— А почерк прекрасный, — Бинетти словно невзначай приблизила листок к глазам, — я бы могла порекомендовать тебя кое-кому при дворе…
— Я — автор трактата о каллиграфии, — торопливо начал Джакомо, но замолчал, заметив, что она вовсе не шутит. Не улыбается, не кокетничает. Может, и в самом деле…
— Ты там кого-нибудь знаешь?
Бинетти бросила на него быстрый взгляд и произнесла спокойно:
— Всех.
Надо действовать. Добела раскалить надежду. Потом пусть остывает.
— И короля?
— И короля.
Боже, это похоже на правду. Король — известный бабник. А кто же слаще чужеземных актрис? Бинетти… а может, и эта крошка? Тогда все становится на свои места. Бережет Лили для короля? Малютка — Джакомо окинул девушку придирчивым взглядом торговца лошадьми — чудо как хороша. Кого-то она ему напоминает… А, не важно.

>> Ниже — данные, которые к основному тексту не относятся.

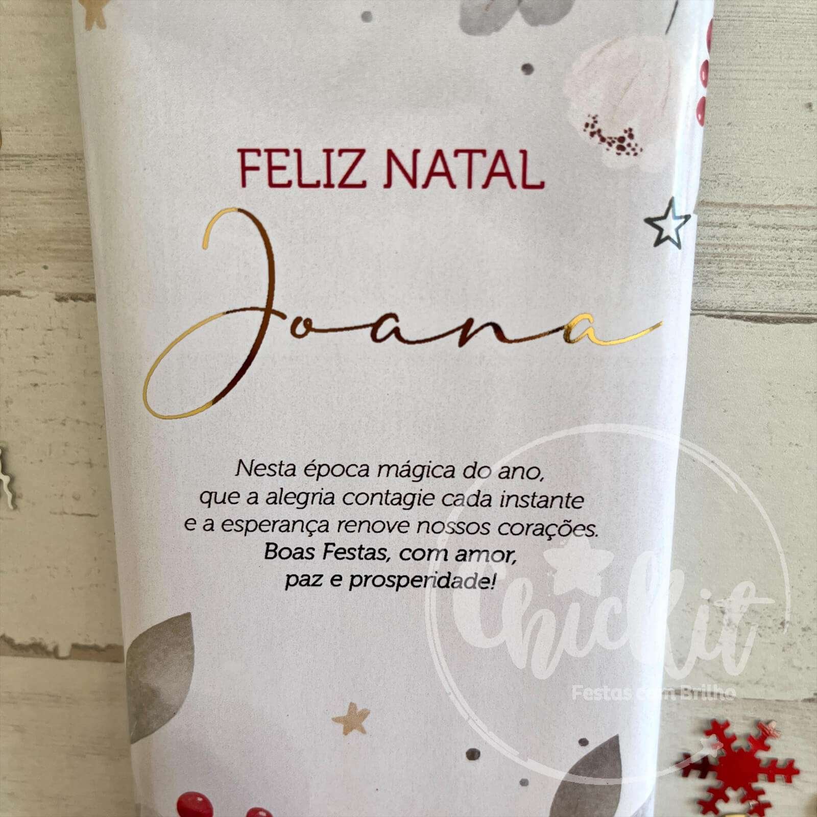 Este chocolate especial é mais do que um mero presente; é uma lembrança personalizada, feita com amor e pensada especificamente para tornar o Natal daquela pessoa especial ainda mais doce. Ofereça um pedacinho de alegria e carinho neste Natal, surpreendendo quem você valoriza com um gesto único e saboroso!

Важно, что такой красотке и королевское ложе под стать.
— Он бывает у вас в театре?
— Конечно. И в театре тоже. Но не в том дело.
— А в чем?
Джакомо почувствовал теплую ладонь на щеке. Значит, все же не просто так пришла. Но по какому делу? Что ей от него нужно?
— Потом скажу. Сейчас лучше оденься. Хватит торчать в этой норе.

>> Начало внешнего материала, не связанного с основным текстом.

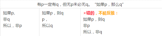 無p一定無q,但有p未必有q=只有p,才q=除非p,否則不q。

Пожалуйста. Он даже готов простить ей эту «нору». В силу обстоятельств он не может достойным образом их принять. Расположение звезд тоже крайне неблагоприятно — он еще и руку себе поранил. Короче: вынужден обратиться к ним за помощью. Надеется, что они не откажут. А?
И слегка пошатнулся — для большего впечатления. Лили вздрогнула, хотела кинуться к нему, поддержать — прелестное дитя, ну почему королю, а не ему должно достаться такое сокровище… однако Бинетти, правда с улыбкой, остановила девочку едва заметным движением руки. О, он бы поцелуями прогнал внезапно замутившую эти глазки грусть, если бы не соображения высшего порядка, временно требующие от него сдержанности. Взял Бинетти за руку, которую сейчас с удовольствием бы укусил… где Василь, впрочем, зачем ему этот идиот со своей азиатской рожей, хорошо хоть унес бадью, но и без того беспорядок в самом деле ужасный. А, чепуха, он, Казанова, должен быть выше этого, должен подняться над обстоятельствами, подавить материальную убогость силой духа. Внимание.

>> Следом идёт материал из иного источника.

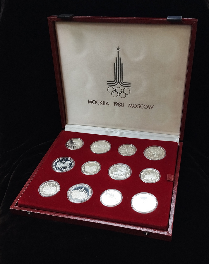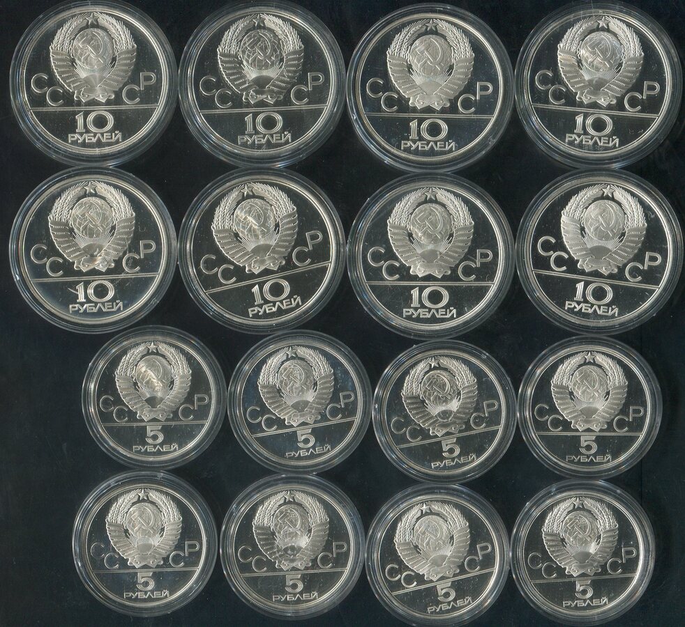 Набор серебряных монет номиналом 10 и 5 рублей, выпущенных к XXII Олимпийским играм 1980 года в Москве. В подарочной коробке. Каждого номинала по 14 шт.

— Честно говоря, — он поворошил лежащие на столе листки, — я сейчас пишу пьесу. Собственно, уже написал. «Квартет или трио? Роман Эльвиры». Не слишком оригинальная история, в которую я был замешан. Возможно, не шедевр, но успех у публики обеспечен. Здесь вообще кто-нибудь ходит в театр?
Бинетти не услыхала вопроса. Но услышала то, что было сказано раньше. Проглотила приманку, в этом Джакомо не сомневался. Достаточно было на нее взглянуть. Искры посыпались!
— Сколько ролей?
— Сколько понадобится. И главная — для тебя.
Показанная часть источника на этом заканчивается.